Pursuant to Section 19(b)(1) of the Securities Exchange Act of 1934 (“Act”),[1] and Rule 19b-4 thereunder,[2] notice is hereby given that on October 25, 2005, the Chicago Board Options Exchange, Incorporated (“CBOE” or “Exchange”) filed with the Securities and Exchange Commission (“Commission”) the proposed rule change as described in Items I and II below, which Items have been prepared by the Exchange. On December 1, 2005, the Exchange filed Amendment No. 1 to the proposed rule change.[3] The CBOE submitted the proposed rule change under Section 19(b)(3)(A) of the Act [4] and Rule 19b-4(f)(2) thereunder,[5] which renders the proposal effective upon filing with the Commission. The Commission is publishing this notice to solicit comments on the proposed rule change, as amended, from interested persons.

I. Self-Regulatory Organization's Statement of the Terms of Substance of the Proposed Rule Change

The Exchange proposes to amend its Fees Schedule to establish fees for options on the Mini-SPX (“XSP”). The Exchange also proposes to waive all fees for trading in XSP options beginning with the launch of trading through January 31, 2006. The text of the proposed rule change is available on the Exchange's Web site (http://www.cboe.com), at the Exchange's Office of the Secretary and at the Commission.

II. Self-Regulatory Organization's Statement of the Purpose of, and Statutory Basis for, the Proposed Rule Change

In its filing with the Commission, the CBOE included statements concerning the purpose of, and basis for, the proposed rule change and discussed any comments it received on the proposed rule change. The text of these statements may be examined at the places specified in Item IV below. The CBOE has prepared summaries, set forth in Sections A, B, and C below, of the most significant aspects of such statements.

A. Self-Regulatory Organization's Statement of the Purpose of, and Statutory Basis for, the Proposed Rule Change

1. Purpose

a. XSP Fees

The Exchange proposes to establish fees for XSP options, which commenced trading on October 25, 2005. XSP options are options that are based on one-tenth the value of the Standard & Poor's 500 Index. XSP options trade on CBOE's Hybrid 2.0 trading system.

The transaction fee for customer orders in XSP options will be $.15 per contract. The market-maker transaction fee will also be $.15 per contract.[6] The Exchange believes the $.15 market-maker transaction fee will act as an incentive for market-makers to provide liquidity in the XSP product. Member firm proprietary transaction fees will be $.20 for facilitation of customer orders and $.24 for non-facilitation orders. The broker-dealer transaction fee will be $.25 per contract, the remote market-maker transaction fee will be $.26 per contract, and the non-member market-maker fee will be $.17 per contract.

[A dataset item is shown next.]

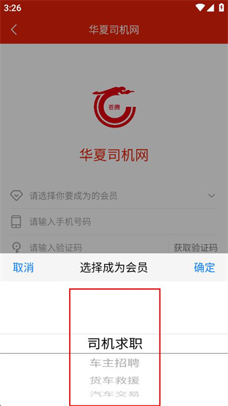 3、从会员类型列表中选择司机求职选项,点击确定按钮完成会员类型选择。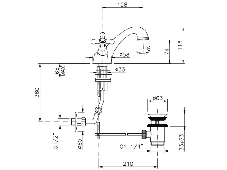 Смеситель для раковины, Nicolazzi, Nuova Brenta, тип открывания воды-двухвентильный, тип регулирования воды-керамический картридж, отверстия для монтажа-1, высота, мм-115, вынос излива, мм-128, вид ручки-Nuova Brenta, донный клапан-есть, цвет-Bronzed Plated, слив-автоматический Смеситель для раковины, Nicolazzi, Nuova Brenta, цвет-Bronzed Plated

As per the current CBOE Fee Schedule, the floor brokerage fee for XSP options will be $.04 per contract and $.02 per contract for crossed orders. The Marketing Fee and the RAES Access Fee will not apply.

b. Fee Waiver

The Exchange proposes to waive all fees for trading in XSP options beginning with the launch of trading in XSP options through January 31, 2006. Start Printed Page 73043Following the fee waiver period, the Exchange will begin assessing the fees set forth above. The Exchange has decided to waive all XSP fees to promote the launch of the XSP product.

2. Statutory Basis

The Exchange believes that the proposed rule change, as amended, is consistent with Section 6(b) of the Act,[7] in general, and furthers the objectives of Section 6(b)(4) of the Act,[8] in particular, in that it provides for the equitable allocation of reasonable dues, fees, and other charges among CBOE's members and other persons using its facilities.

B. Self-Regulatory Organization's Statement on Burden on Competition

The Exchange does not believe that the proposed rule change, as amended, will impose any burden on competition that is not necessary or appropriate in furtherance of the purposes of the Act.

C. Self-Regulatory Organization's Statement on Comments on the Proposed Rule Change Received From Members, Participants, or Others

The Exchange has neither solicited nor received comments on the proposed rule change.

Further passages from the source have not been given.